The Obr compiler generates code to run on a simple RISC architecture that was originally described by Niclaus Wirth in his book "Theory and Techniques of Compiler Constuction" (which may be downloaded from http://www-old.oberon.ethz.ch/WirthPubl/CBEAll.pdf). This, in turn, was designed to be close in spirit the MIPS architecture which was originally designed by John L. Hennessey of Stamford University.

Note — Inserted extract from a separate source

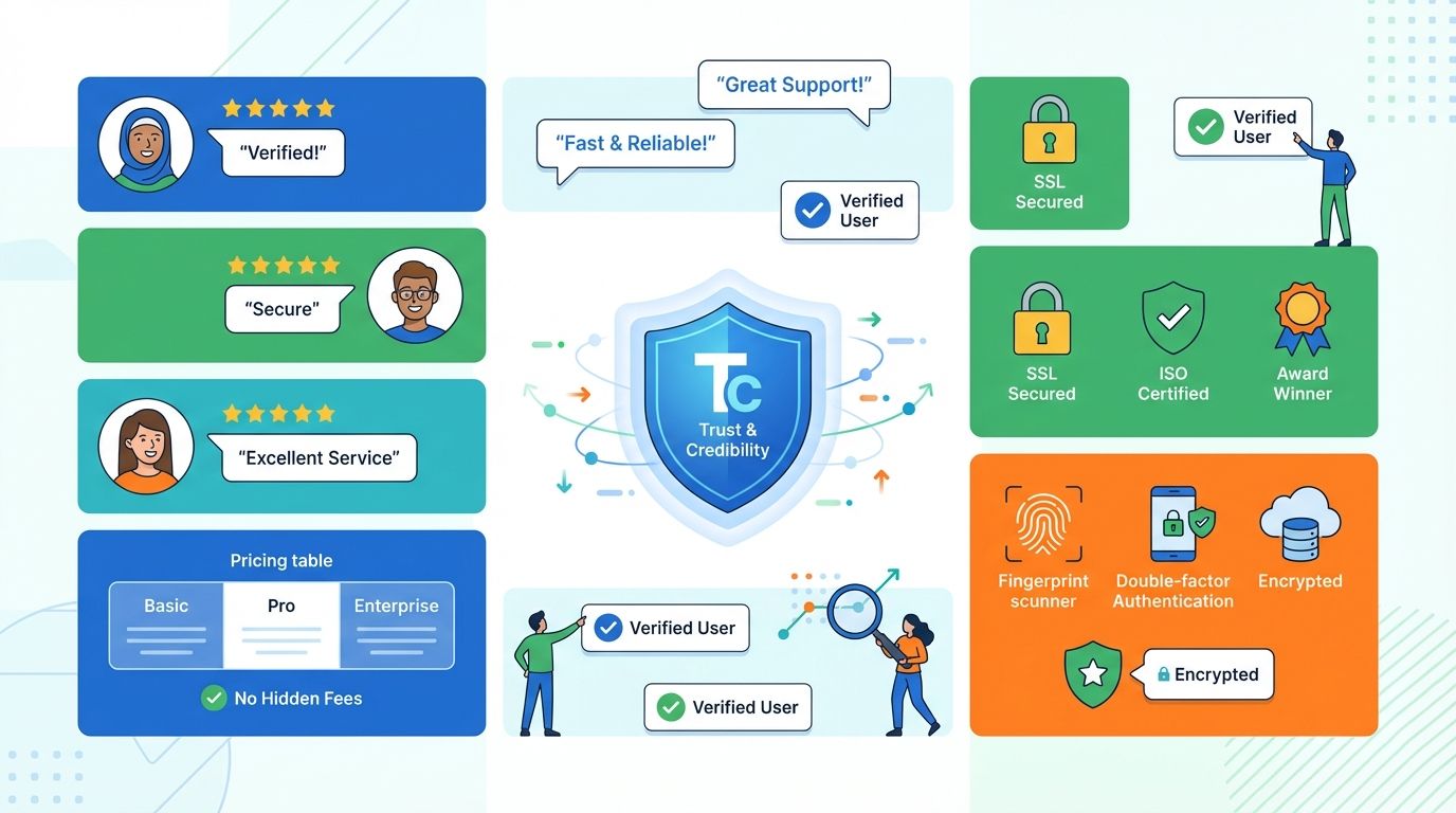 Verification is third-party proof that your claims are real. Certifications, compliance, reviews, and live stats validate your story.
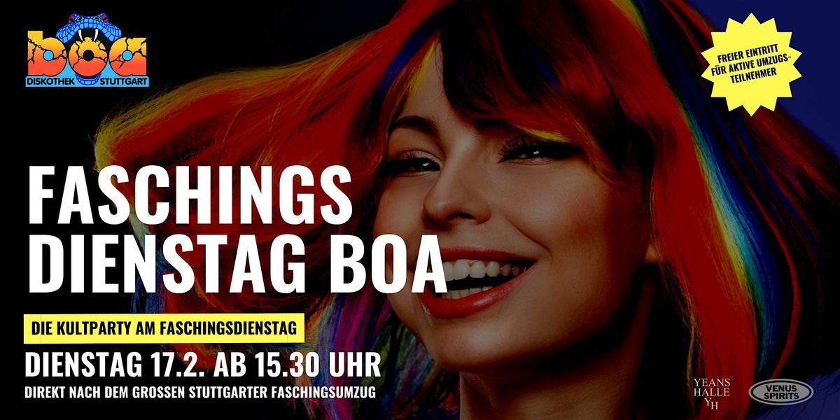 Die beste Faschingsparty der Innenstadt findet ab 15.30 Uhr nach dem großen Stuttgarter Faschingsumzug in der Boa statt dann öffnet Stuttgarts ältester Club zum After Faschingsclubbing. Einfach nach dem Umzug direkt in der Boa weiterfeiern! Heute erlebt Ihr die längste Boaparty des Jahres von 15.30 Uhr bis morgens um 3 Uhr.

These notes provide a brief overview of RISC architecture sufficient for
understanding the code generated by the Obr compiler used in
COMP332 exercises and assignments. Further detailed information about the RISC
instruction set and machine execution may be gleaned by browsing the
files RISC.scala
and RISCISA.scala
in this code
bundle.
RISC is a 32-bit architecture in which all general purpose registers, memory addresses and machine instructions are 32 bits wide. In the subset provided by our emulator code RISC instructions support the direct manipulation of 32-bit integers stored in twos-complement form. Furthermore, it supports the direct addressing of a memory space of upto 2^32 bytes. While addresses in the RISC architecture refer to individual bytes, all 32-bit values can only be directly accessed if they are aligned on 4 byte boundaries.
$0 this is generally constrained to always contain the value 0.
$28 (PC) this is the program counter, which contains the address of the instruction that is currently being executed.
$29 (FP) this is the frame pointer, which points to the first byte after the top of the frame (or activation record) associated with the current procedure activation.
$30 (SP) this is the stack pointer, which points to the first byte of the frame associated with the current procedure activation.
$31 (LNK) this is the link pointer,
in which return addresses are stored during subroutine
calls (using the bsr
instruction).
RISC instructions themselves come in four different formats, each of which packs the instruction and information about its operands into a single 32-bit word. These formats are:
inst reg1, reg2, reg3
an instruction with
three operands all of which are registers.
inst reg1, reg2, im
an instruction with
three operands two of which are registers and one of which is an
immediate (fixed constant) 16-bit value (mostly arithmetic and
bitwise operations).
inst reg1, reg2, disp
similar to type 2
instructions, but generally used for branching, load/store and terminal
IO operations (the fixed constant here is again 16 bits and is called
disp
for displacement).
inst disp
an instruction with a single
integer operand which is an immediate (fixed constant) displacement
represented as a 26-bit value (generally used for branching instructions).
Load/store instructions are the only instructions that
access memory. The ldw
and stw
instructions load and store word/single quantities from/to integer
registers.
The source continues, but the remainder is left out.